We had outstanding payments from the federal government which resulted in fuel scarcity because marketers lost their appetite in terms of their fuel supplies,” said Akinfemiwa. “The operations of the Boko Haram have stifled our operations in the north part of the country”

Akinfemiwa also added that the economic lethargy caused by the more than 50 percent fall in the price of oil that forced the central bank to devalue the naira has stunted growth of the sector.

Since the devaluation of the currency, the naira has been hovering between N198 and N199 at the interbank market. Oil account for over 2/3 of government revenue and 90 percent of foreign exchange earnings. Economic growth has slowed to 2.8 percent from 6.34 percent as the corresponding period as the World Bank and IMF say Nigerians are getting poorer in a decade.
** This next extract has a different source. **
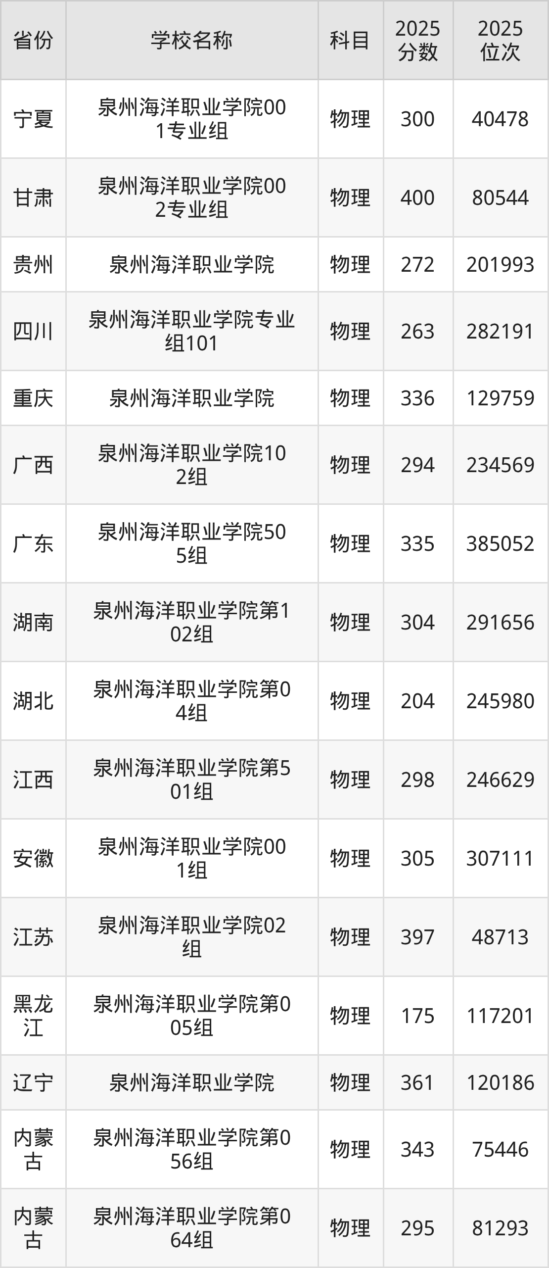 2025年泉州海洋职业学院在全国各省专科的最低录取分数线在172~400分之间。甘肃物理类高考生最低400分能上泉州海洋职业学院、江苏物理类高考生最低397分能上泉州海洋职业学院……下文将展示泉州海洋职业学院在全国18个高考省份中的专科最低投档录取分汇总!

Analysts say the new government should intensify on reforms that will re-position the oil industry for better performance as such policies they say will increase investors’ appetite for a sector that is paramount to the power sector. Some industry players are calling for the implementation of the PIB and the removal of subsidy.

“I think the way forward is to deregulate the sector. So petroleum products can sell at a free market. Other developing countries such as Indonesia and Malaysia have recently deregulated the sector due to tight federal revenue squeeze which Nigeria is facing now,” said according to Esho Temilade, an oil and gas expert at Renaissance capital in a recent emailed note. 

While government has earmarked N430 billion for subsidy payment in its 2016 budget, analysts say the new government is only subsidizing the high income earners and that such monies should have been invested in infrastructure.

Africa largest economy Nigeria needs as much as $300 billion in the next 10 years to breach its infrastructure deficits. The country also has between 17 million to 20 million housing deficits.

“We are only subsidizing the rich and the middle class that have cars, said Laoye Jaiyeola, Chief Executive officer, The Nigeria Economic Summit Group (NESG) in an interview with BusinessDay.

“The impacts of these payments are not being felt by the common man in the rural areas who uses bicycle. Removal of subsidy will benefit the common man if invested in Agric. This will lead to more creation,’’ said Jaiyeola.

Further analysis of  Forte Oil balance sheet showed  total assets fell by 5.56 percent to N131.26 billion in 2015 from N139 billion as at  December 2014 as the company received partial payment on some outstanding subsidy payments from previous periods which reduced the group’s trade receivables. These funds were also applied in paying off trade finance liabilities.

The company’s cost of sales reduced by 28.04 percent to N78.63 billion in 2015 from N109.38 billion in 2014. Gross profit dipped by 2.40 percent to N13.30 billion in the period under review as against N13.29 billion last year. Operating expenses were up by 29.17 percent to N10.05 billion in 2015 as against N7.78 billion last year. Net margin a measure of profitability and efficiency increased to 4.26 percent in 2015 as against 3.26 percent last year.  Forte Oil share price closed at N275.50 on the floor of the exchange while market capitalization was N358.83.